Пока вокруг осторожно и дружно отставляли чарки и плошки, разбирали кушаки и сапоги, и спальники поправляли ковры и поставцы, новыми свечами воскрешая, Охлябинин отворил оконце, чтоб пустить морозного воздуху.
Иоанн, откинувшись, замерев, молчал, прикрыв усталые глаза.
Откланявшись до завтра, провожаемые словом благодарственным от государя, и распоряжением Охлябинину непременно о честном награждении своём не забыть, к казначею заглянуть, все вышли.
Федька только теперь почуял, что набрался преизрядно… Его пошатывало, и пальцы путались в петлях бесконечной застёжки. Пришлось крикнуть Сеньку. Опасался наряд дорогой попортить нечаянно. Да и серьгой новой порваться тоже недолго было.

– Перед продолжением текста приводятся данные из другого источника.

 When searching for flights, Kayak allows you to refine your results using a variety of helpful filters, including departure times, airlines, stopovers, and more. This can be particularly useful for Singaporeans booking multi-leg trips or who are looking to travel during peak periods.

– Охлябинин мою уволок! – осторожно трогая саднящее ухо, Федька от стремянного принял гребень, и отпустил его. В присутствии, таком близком, государя Арсений очутился слишком недавно и слишком внезапно, в разряд комнатных придворных определённый, и пока что впадал в столбняк, неведомым чудом отзываясь на приказы Фёдора Алексеевича, побуждающие его разогнуться от поклона и совершить требуемое.

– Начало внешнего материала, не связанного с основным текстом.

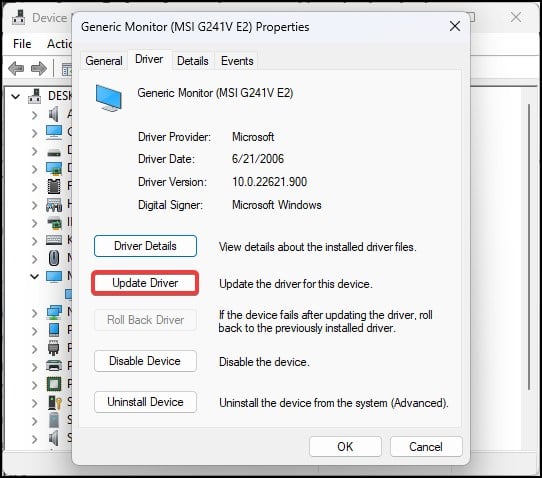 グラフィック ドライバを右クリックし、[プロパティ] を選択します。 ドライバーの更新 ボタンをクリックします。 [ドライバを自動検索] オプションを選択し、プロンプトに従います。 更新後にこの問題を解決するには、Rollback Driver ボタンをクリックしてください。同じプロセスに従って、モニタードライバーも更新します。

– Ступай, Феденька, скажи там, чтоб завершались с гульбой. Устал я что-то, а завтра нам труды предстоят. Мыслить о том мне и не хочется нынче, а надо ведь. Заодно, может, его догонишь… Да не мешкай там!
– Слушаюсь, государь мой!
Федька как раз справился с поясом кафтана, и с ножнами, и с сапогами. Мешкать не стал, и вывалился за двери, как был, с расстёгнутой грудью, блаженно заново введённый. Пониманием милости государевой к себе, сегодня им заслуженной, ублаготворённый смелостию своей, что забава, и невинная, и бесстыжая вместе, заладилась, а суть особого взвода Федькиного в том была, насколько коленце с серьгами удалось, и в его замысел с переоблачениями вписалось… Насколько Иоанну это понравилось!
Черным-чёрная стая гудела, шевелясь, под сводами, в рыжих факелах. Федька всмотрелся в полутьму, всю пронизанную сполохами посудин, золотых и серебряных, различая знакомых. Его явление заметили сразу же, стали толкать друг друга и оборачиваться к нему. Прошагав меж рядов застолья, Федька огласил, что государь изволит отдыхать идти, и всю братию к тому же призывает. Музыкантов взмыленных сам отпустил, прочим наказ передавая, чтоб завтра были все как один проспавшись и к делу всякому пригодны, а нынче – будет нам. Всё собрание загалдело, шумно начиная подыматься, напоследок сшибаясь чашами, и расталкивать заснувших, и что-то выкрикивать кравчему в ответ. Заприметив, меж тем, за отдельным столом, близ пустующего сейчас царского, сперва Вяземского, по сияющему парчой кафтану, а с ним и Охлябинина, как раз, рядышком, окликнул:
– Иван Петрович, погоди, постой!
Стараясь не шататься, и для того убыстряясь сильно, Федька ринулся к ним, и тут донёсся до него Грязного Васьки близкий пьяный, со стола соседнего, голос: "Гляньте-ка, братцы, лебедь наша какими погремушками разжилась!"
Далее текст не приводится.